INFORMATION: Begin

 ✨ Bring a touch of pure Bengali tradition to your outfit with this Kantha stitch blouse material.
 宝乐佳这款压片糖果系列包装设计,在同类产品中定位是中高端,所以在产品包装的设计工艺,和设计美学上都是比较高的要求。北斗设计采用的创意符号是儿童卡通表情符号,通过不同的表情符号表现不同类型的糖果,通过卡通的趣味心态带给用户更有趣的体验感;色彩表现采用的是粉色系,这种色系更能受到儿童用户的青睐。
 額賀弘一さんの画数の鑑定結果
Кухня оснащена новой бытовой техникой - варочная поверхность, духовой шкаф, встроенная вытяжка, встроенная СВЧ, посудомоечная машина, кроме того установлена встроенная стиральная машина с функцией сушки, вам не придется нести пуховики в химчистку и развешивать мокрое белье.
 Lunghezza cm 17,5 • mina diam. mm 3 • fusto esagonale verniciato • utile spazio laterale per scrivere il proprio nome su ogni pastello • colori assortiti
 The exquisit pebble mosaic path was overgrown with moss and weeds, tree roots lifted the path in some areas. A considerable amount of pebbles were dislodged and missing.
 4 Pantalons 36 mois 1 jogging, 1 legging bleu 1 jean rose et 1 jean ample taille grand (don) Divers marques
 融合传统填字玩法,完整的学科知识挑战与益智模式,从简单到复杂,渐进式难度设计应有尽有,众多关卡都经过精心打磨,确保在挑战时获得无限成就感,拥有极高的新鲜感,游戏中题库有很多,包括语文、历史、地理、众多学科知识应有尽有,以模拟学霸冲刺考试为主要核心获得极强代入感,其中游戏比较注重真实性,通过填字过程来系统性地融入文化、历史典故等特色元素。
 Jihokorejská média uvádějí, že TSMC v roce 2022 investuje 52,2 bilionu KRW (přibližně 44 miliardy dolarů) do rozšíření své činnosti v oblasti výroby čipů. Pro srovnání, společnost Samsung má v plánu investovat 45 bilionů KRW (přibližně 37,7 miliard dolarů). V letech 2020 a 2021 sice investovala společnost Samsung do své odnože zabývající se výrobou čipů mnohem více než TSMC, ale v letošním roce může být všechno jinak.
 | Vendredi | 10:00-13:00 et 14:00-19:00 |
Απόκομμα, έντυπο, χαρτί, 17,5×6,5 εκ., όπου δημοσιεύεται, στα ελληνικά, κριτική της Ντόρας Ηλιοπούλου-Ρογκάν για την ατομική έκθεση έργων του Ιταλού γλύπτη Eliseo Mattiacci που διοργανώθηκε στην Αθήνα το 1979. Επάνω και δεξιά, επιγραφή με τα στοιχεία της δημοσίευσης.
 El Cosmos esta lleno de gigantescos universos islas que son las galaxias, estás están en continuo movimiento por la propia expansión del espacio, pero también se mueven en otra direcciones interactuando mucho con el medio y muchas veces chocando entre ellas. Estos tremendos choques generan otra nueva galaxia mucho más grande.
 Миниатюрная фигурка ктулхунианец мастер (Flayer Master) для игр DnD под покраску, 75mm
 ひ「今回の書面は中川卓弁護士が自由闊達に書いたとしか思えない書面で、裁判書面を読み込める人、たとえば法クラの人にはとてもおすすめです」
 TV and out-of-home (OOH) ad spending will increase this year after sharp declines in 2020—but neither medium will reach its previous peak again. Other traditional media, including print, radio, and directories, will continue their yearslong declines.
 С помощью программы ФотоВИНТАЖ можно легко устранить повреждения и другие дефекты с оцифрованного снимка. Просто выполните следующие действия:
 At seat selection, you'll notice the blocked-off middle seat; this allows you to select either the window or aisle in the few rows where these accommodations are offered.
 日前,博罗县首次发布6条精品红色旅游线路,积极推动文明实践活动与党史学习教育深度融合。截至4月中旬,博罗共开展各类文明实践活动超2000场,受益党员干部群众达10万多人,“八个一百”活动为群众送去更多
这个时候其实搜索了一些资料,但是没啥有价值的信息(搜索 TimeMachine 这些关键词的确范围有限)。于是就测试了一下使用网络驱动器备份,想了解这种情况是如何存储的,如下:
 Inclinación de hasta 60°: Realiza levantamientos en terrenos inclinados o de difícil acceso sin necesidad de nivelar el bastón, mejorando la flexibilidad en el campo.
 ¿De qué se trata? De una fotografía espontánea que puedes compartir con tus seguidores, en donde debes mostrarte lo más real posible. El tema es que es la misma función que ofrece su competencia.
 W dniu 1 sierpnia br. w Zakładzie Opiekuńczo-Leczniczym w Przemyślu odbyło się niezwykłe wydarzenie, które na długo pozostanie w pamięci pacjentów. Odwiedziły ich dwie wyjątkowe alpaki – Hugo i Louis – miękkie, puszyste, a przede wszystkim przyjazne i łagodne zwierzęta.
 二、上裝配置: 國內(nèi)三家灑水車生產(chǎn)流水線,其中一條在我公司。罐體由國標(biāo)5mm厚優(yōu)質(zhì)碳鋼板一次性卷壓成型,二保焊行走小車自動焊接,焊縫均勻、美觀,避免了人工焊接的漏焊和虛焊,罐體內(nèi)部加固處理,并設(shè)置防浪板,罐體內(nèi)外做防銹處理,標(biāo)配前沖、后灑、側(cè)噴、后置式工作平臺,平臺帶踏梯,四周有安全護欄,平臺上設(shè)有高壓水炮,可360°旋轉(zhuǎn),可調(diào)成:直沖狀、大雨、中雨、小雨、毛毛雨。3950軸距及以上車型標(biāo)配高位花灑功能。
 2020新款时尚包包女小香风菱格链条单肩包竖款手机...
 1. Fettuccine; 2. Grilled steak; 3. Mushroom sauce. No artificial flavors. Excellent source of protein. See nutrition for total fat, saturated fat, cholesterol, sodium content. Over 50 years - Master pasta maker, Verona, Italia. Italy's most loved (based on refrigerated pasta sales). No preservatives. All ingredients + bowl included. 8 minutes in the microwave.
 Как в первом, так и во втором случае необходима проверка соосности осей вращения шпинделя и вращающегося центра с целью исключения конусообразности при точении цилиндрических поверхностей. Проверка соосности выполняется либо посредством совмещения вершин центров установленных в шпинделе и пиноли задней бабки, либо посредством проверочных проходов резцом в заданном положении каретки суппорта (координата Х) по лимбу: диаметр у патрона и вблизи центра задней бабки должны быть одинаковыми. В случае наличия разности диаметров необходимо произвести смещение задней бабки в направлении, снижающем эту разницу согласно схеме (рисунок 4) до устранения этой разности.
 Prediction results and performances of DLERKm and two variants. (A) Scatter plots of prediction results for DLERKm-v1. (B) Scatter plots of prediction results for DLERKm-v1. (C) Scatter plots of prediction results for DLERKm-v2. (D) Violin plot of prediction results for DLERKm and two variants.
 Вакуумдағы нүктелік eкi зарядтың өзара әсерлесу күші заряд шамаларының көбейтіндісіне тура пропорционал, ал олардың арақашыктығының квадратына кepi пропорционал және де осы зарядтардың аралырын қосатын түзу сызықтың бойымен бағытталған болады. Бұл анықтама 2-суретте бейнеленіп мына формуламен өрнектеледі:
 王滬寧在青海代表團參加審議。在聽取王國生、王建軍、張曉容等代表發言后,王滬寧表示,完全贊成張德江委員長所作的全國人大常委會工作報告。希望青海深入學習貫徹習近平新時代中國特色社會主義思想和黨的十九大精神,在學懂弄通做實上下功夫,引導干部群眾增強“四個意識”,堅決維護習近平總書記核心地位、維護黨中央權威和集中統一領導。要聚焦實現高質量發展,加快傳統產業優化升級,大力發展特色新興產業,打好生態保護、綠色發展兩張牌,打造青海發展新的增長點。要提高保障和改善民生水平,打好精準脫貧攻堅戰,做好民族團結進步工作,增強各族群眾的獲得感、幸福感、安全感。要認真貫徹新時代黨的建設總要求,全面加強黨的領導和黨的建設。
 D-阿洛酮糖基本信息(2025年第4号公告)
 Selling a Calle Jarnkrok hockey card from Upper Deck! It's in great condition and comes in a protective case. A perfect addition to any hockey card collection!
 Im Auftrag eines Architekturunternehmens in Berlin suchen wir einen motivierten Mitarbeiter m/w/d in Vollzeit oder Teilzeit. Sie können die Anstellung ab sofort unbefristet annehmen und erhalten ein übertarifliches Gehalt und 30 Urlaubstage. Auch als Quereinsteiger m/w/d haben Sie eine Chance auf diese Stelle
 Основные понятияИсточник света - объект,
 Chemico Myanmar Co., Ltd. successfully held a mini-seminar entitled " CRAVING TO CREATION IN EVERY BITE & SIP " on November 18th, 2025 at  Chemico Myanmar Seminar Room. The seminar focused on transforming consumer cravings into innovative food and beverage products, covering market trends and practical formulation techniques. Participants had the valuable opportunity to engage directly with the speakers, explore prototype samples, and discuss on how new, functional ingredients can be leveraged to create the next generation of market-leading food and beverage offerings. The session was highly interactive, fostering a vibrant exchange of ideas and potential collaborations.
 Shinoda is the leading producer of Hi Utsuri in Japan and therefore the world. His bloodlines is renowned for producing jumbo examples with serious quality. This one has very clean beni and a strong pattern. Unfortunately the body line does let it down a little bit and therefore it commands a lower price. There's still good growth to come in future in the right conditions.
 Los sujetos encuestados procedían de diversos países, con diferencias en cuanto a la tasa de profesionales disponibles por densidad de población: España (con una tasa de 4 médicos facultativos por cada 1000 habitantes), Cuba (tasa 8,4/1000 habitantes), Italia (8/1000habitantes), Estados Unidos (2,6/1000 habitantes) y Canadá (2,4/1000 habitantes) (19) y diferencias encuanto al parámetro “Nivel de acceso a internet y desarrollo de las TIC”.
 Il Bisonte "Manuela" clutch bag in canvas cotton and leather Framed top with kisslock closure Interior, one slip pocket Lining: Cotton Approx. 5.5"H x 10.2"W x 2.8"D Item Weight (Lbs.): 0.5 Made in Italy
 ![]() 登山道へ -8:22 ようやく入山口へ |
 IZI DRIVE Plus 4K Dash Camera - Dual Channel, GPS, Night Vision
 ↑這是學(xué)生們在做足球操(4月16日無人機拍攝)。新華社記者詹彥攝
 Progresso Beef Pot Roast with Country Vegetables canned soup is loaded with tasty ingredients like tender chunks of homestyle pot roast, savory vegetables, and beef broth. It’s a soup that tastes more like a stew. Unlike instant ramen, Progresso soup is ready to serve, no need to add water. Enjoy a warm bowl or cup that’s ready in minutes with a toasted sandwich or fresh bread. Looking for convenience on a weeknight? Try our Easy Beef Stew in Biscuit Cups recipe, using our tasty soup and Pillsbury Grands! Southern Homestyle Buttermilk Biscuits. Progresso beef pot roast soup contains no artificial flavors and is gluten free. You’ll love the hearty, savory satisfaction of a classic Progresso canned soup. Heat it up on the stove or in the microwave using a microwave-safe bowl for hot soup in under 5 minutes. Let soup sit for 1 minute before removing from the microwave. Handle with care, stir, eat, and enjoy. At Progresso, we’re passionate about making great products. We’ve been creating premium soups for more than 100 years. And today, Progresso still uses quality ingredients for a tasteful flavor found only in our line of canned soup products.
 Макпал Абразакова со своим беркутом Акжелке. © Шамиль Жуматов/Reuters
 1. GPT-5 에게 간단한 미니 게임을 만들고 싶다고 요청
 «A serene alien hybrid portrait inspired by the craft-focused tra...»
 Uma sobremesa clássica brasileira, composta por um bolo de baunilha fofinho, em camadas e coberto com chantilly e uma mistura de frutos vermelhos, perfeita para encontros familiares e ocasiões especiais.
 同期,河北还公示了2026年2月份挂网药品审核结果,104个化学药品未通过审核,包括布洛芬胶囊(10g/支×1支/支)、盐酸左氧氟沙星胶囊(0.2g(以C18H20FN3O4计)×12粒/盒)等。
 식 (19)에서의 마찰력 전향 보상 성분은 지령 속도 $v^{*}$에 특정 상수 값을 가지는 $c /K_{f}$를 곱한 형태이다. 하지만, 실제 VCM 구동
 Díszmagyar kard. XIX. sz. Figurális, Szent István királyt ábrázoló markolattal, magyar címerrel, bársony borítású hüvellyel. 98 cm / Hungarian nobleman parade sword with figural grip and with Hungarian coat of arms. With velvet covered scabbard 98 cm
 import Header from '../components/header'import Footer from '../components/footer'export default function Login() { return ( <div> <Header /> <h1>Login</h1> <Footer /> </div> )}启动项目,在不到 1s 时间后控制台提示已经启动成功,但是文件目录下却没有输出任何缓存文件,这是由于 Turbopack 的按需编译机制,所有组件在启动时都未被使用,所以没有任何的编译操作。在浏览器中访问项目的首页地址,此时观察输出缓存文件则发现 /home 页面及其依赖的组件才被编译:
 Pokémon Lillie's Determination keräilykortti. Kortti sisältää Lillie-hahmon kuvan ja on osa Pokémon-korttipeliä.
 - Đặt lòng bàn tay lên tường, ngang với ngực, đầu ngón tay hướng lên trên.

INFORMATION: End

YOUR ASSIGNMENT - Going back over the entries above, copy word for word every line from the one that has "Миниатюрная фигурка ктулхунианец" on through the one that has "ofrece su competencia.".

RESULT OF THE TASK -
 Миниатюрная фигурка ктулхунианец мастер (Flayer Master) для игр DnD под покраску, 75mm
 ひ「今回の書面は中川卓弁護士が自由闊達に書いたとしか思えない書面で、裁判書面を読み込める人、たとえば法クラの人にはとてもおすすめです」
 TV and out-of-home (OOH) ad spending will increase this year after sharp declines in 2020—but neither medium will reach its previous peak again. Other traditional media, including print, radio, and directories, will continue their yearslong declines.
 С помощью программы ФотоВИНТАЖ можно легко устранить повреждения и другие дефекты с оцифрованного снимка. Просто выполните следующие действия:
 At seat selection, you'll notice the blocked-off middle seat; this allows you to select either the window or aisle in the few rows where these accommodations are offered.
 日前,博罗县首次发布6条精品红色旅游线路,积极推动文明实践活动与党史学习教育深度融合。截至4月中旬,博罗共开展各类文明实践活动超2000场,受益党员干部群众达10万多人,“八个一百”活动为群众送去更多
这个时候其实搜索了一些资料,但是没啥有价值的信息(搜索 TimeMachine 这些关键词的确范围有限)。于是就测试了一下使用网络驱动器备份,想了解这种情况是如何存储的,如下:
 Inclinación de hasta 60°: Realiza levantamientos en terrenos inclinados o de difícil acceso sin necesidad de nivelar el bastón, mejorando la flexibilidad en el campo.
 ¿De qué se trata? De una fotografía espontánea que puedes compartir con tus seguidores, en donde debes mostrarte lo más real posible. El tema es que es la misma función que ofrece su competencia.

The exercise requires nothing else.